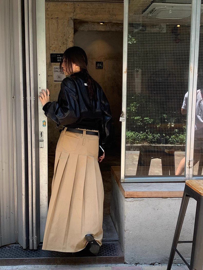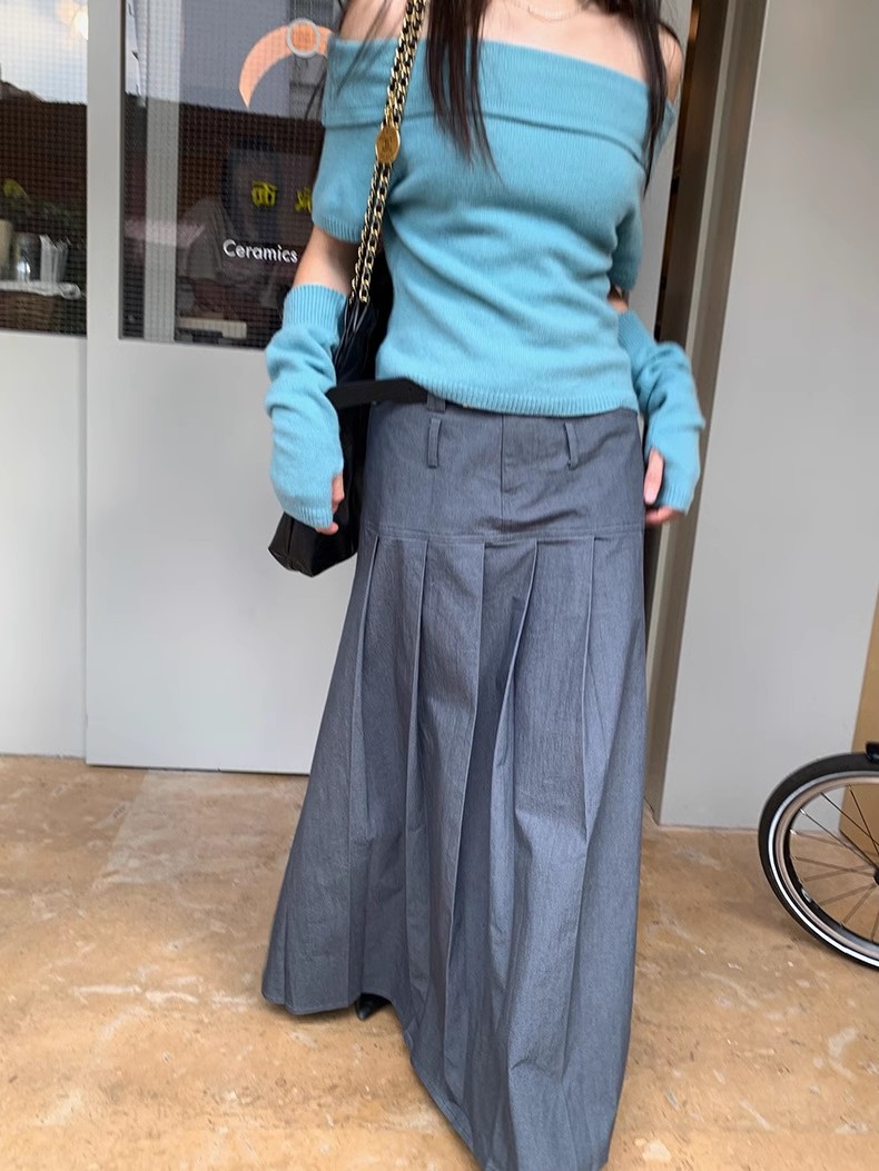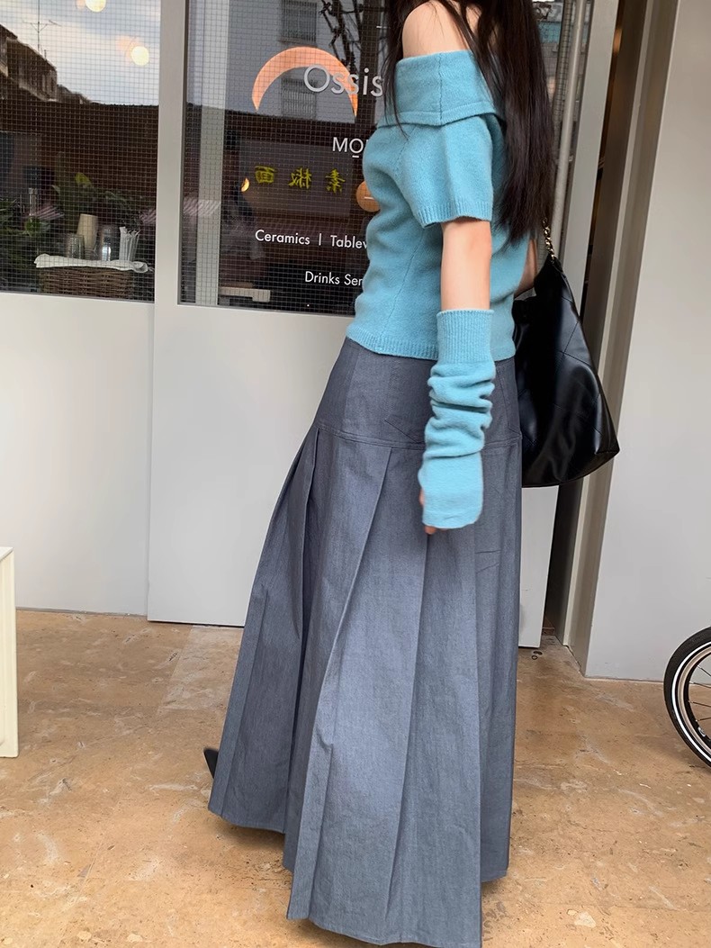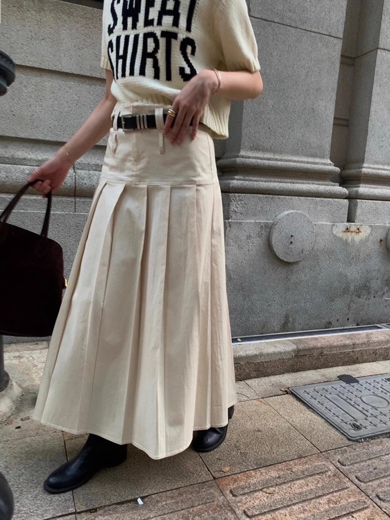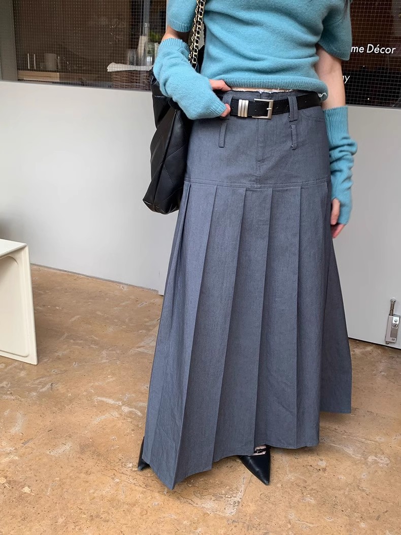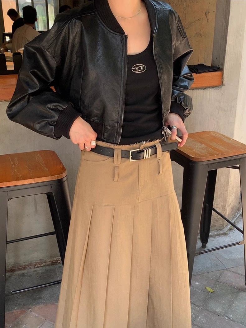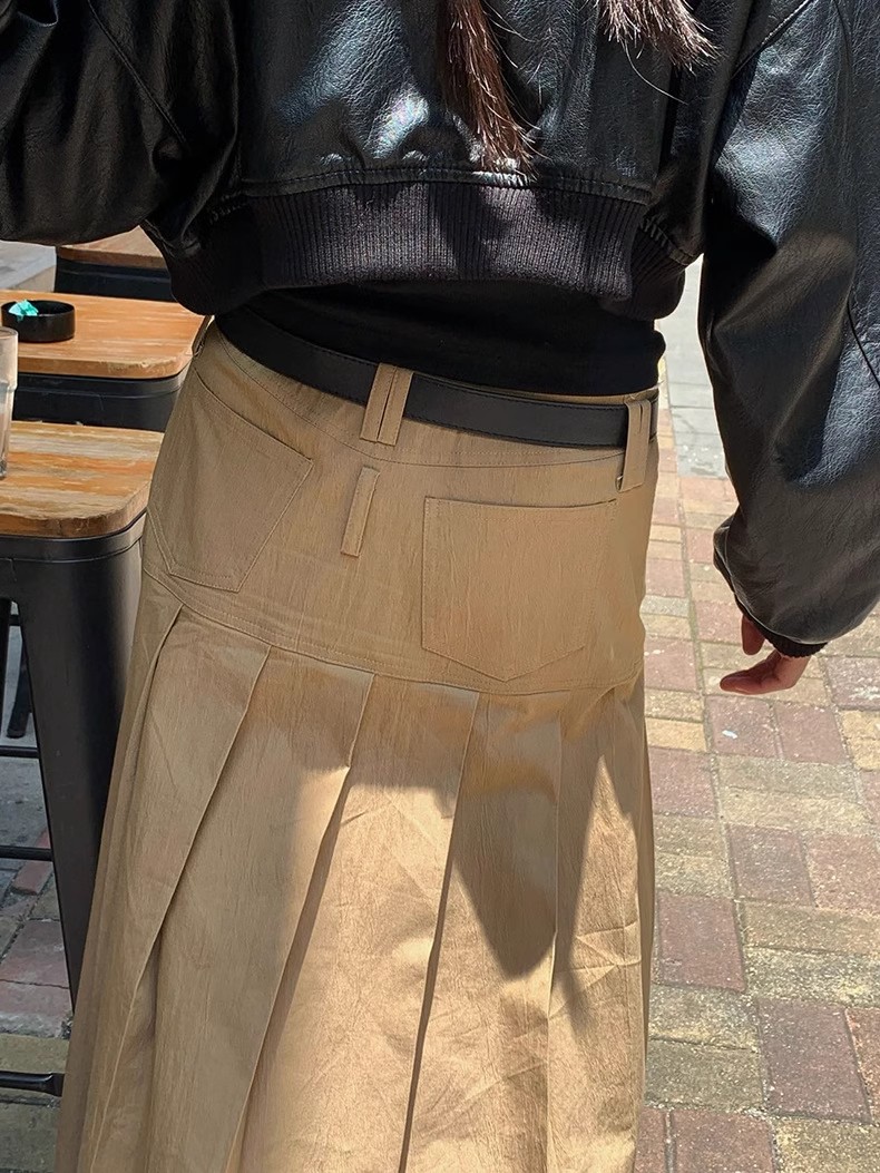 秋季新款韩版休闲通勤款纯色设计感高腰百褶大摆中长款半身裙
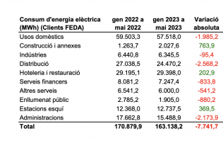 Pel que fa al consum dels clients de FEDA, el consum total pel mes de maig del 2023 ascendeix a 24.427,7 MWh, amb una variació del -3,3% respecte al mateix mes de l’any passat. Quant a les dades acumulades, el consum ha estat de 163.138,2 MWh des del gener i de 361.289,9 MWh durant els darrers 12 mesos, xifres que suposen unes variacions del -4,5% i -2,8%, respectivament.
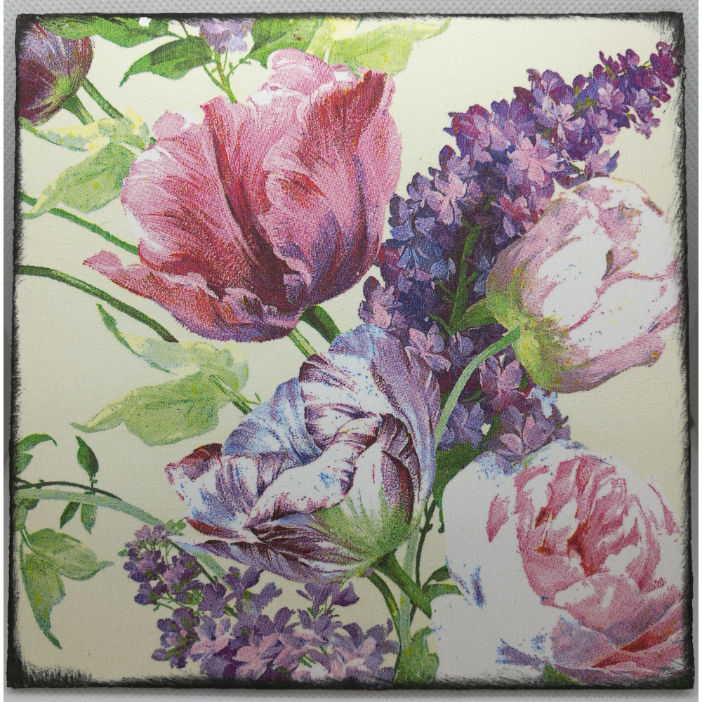 Decoupage obrázky na sololitové destičce 16x16 cm s háčkem na pověšení.
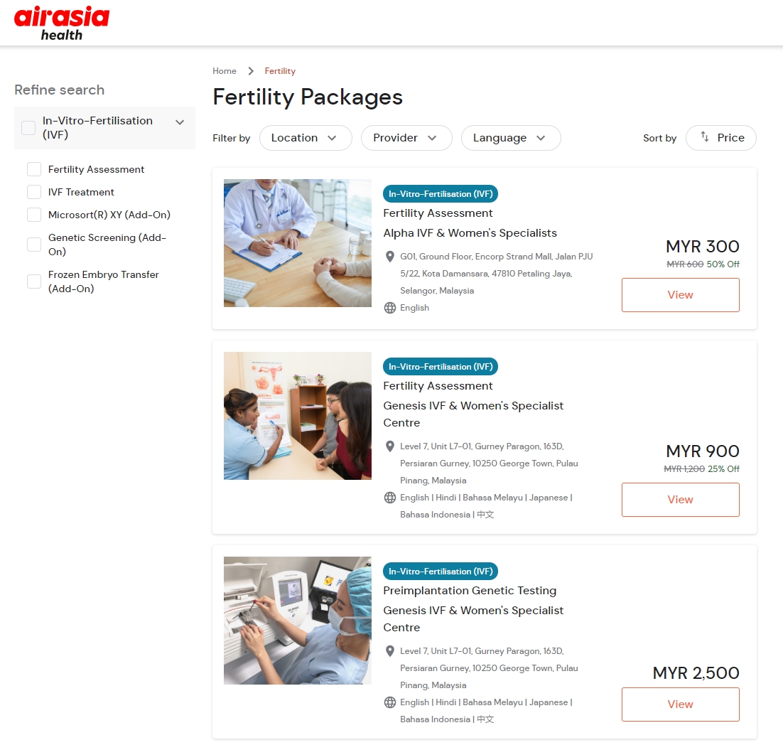 According to AirAsia, they have partnered with reputable medical providers and hospitals to provide a variety of health and medical service packages. This includes professional consultations and booking treatments for health screenings, aesthetics, wellness and fertility sessions. AirAsia Health also provides on-ground logistics including flights, accommodation and support services such as medical visa and medical companion in a single platform.

********************

=== Problem description ===
Without any pictures, reproduce the lines from the first one in the material through the line that has "Decoupage obrázky na", exactly as they appear.

=== Finished task ===
 秋季新款韩版休闲通勤款纯色设计感高腰百褶大摆中长款半身裙
 Pel que fa al consum dels clients de FEDA, el consum total pel mes de maig del 2023 ascendeix a 24.427,7 MWh, amb una variació del -3,3% respecte al mateix mes de l’any passat. Quant a les dades acumulades, el consum ha estat de 163.138,2 MWh des del gener i de 361.289,9 MWh durant els darrers 12 mesos, xifres que suposen unes variacions del -4,5% i -2,8%, respectivament.
 Decoupage obrázky na sololitové destičce 16x16 cm s háčkem na pověšení.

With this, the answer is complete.